Nicolas Dupuis, Luca Buratti, Sanjay Vishwakarma, Aitana Viudes Forrat, David Kremer, Ismael Faro, Ruchir Puri, Juan Cruz-Benito

TL;DR

The study addresses the challenge of generating reliable quantum code by training a domain-focused Code LLM on Granite-20b-code with extensive Qiskit data and instruction-tuning. It introduces the Qiskit Code Assistant and a Qiskit-specific benchmark (Qiskit HumanEval) to rigorously evaluate quantum-code generation. Results show that extend-pretraining yields a Qiskit HumanEval pass rate of approximately 46.5%, surpassing all baselines, while maintaining strong performance on standard coding benchmarks. The work demonstrates the practical potential of specialized Code LLMs for quantum computing and outlines public release plans and future enhancements to keep pace with evolving QC ecosystems.

Abstract

Code Large Language Models (Code LLMs) have emerged as powerful tools, revolutionizing the software development landscape by automating the coding process and reducing time and effort required to build applications. This paper focuses on training Code LLMs to specialize in the field of quantum computing. We begin by discussing the unique needs of quantum computing programming, which differ significantly from classical programming approaches or languages. A Code LLM specializing in quantum computing requires a foundational understanding of quantum computing and quantum information theory. However, the scarcity of available quantum code examples and the rapidly evolving field, which necessitates continuous dataset updates, present significant challenges. Moreover, we discuss our work on training Code LLMs to produce high-quality quantum code using the Qiskit library. This work includes an examination of the various aspects of the LLMs used for training and the specific training conditions, as well as the results obtained with our current models. To evaluate our models, we have developed a custom benchmark, similar to HumanEval, which includes a set of tests specifically designed for the field of quantum computing programming using Qiskit.
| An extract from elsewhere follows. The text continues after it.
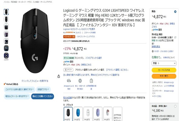 Amazon.co.jpにて、ロジクールGのワイヤレスゲーミングマウス「G304」が販売中だ。参考価格は5720円だが、執筆時点では15%オフの4872円(1月20日時点)。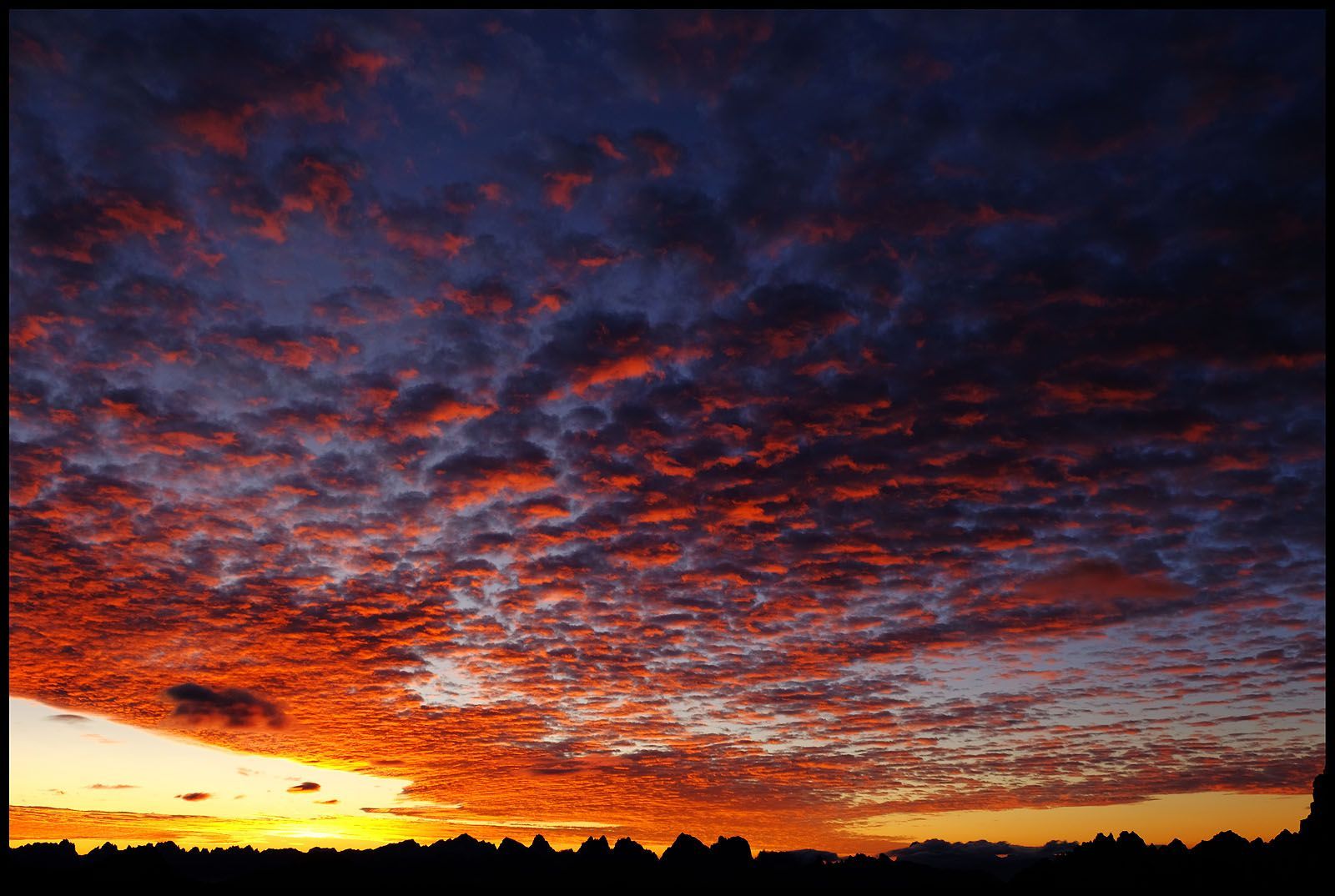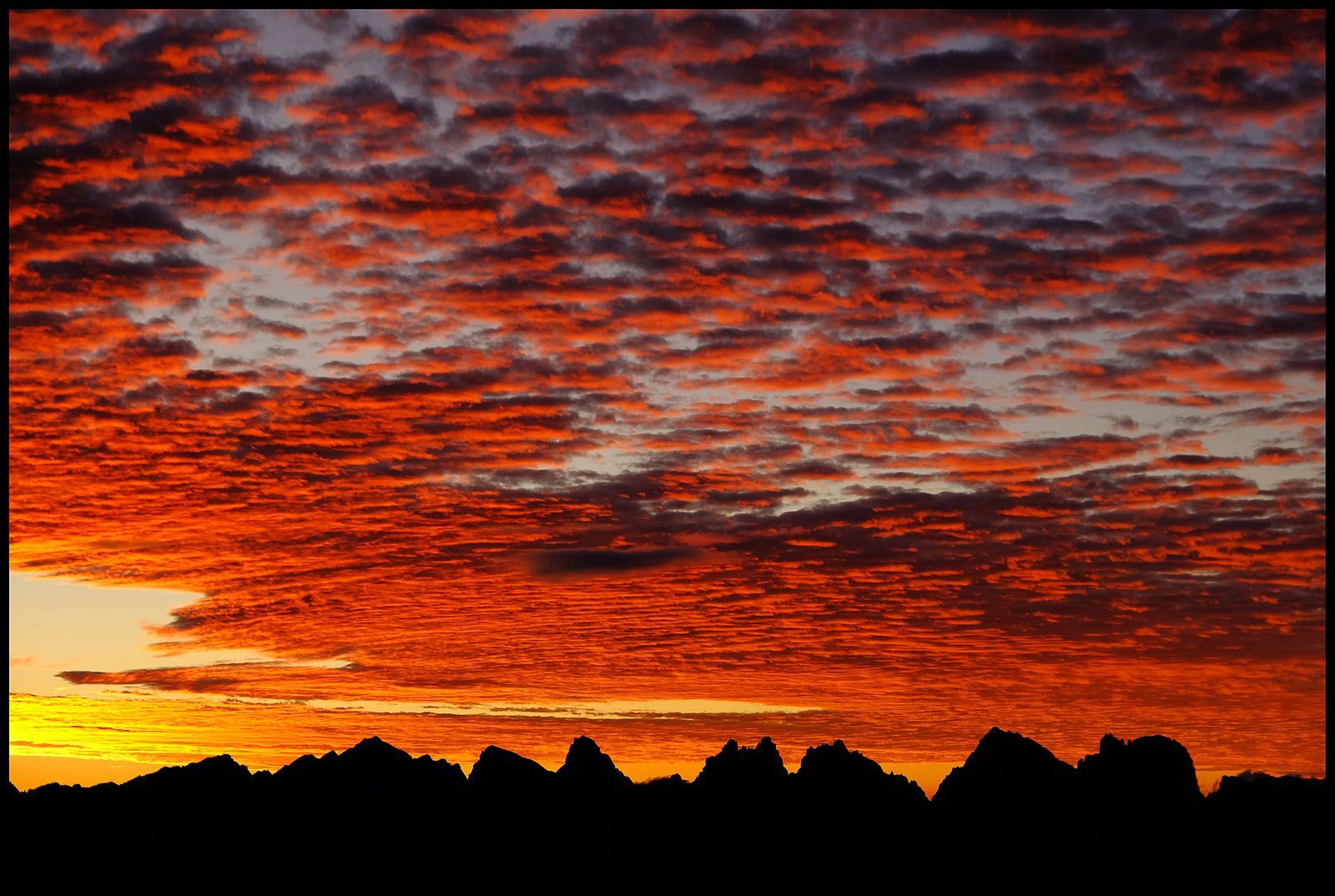 Der letzte Morgen überrascht mit einem eindrucksvollen Farbenspiel am Himmel: Morgenrot - Schlechtwetter droht! Egal, der Urlaub ist ja leider auch schon zu Ende.

Our findings indicate that our model outperforms existing state-of-the-art models in quantum computing tasks. We also provide examples of code suggestions, comparing our model to other relevant code LLMs. Finally, we introduce a discussion on the potential benefits of Code LLMs for quantum computing computational scientists, researchers, and practitioners. We also explore various features and future work that could be relevant in this context.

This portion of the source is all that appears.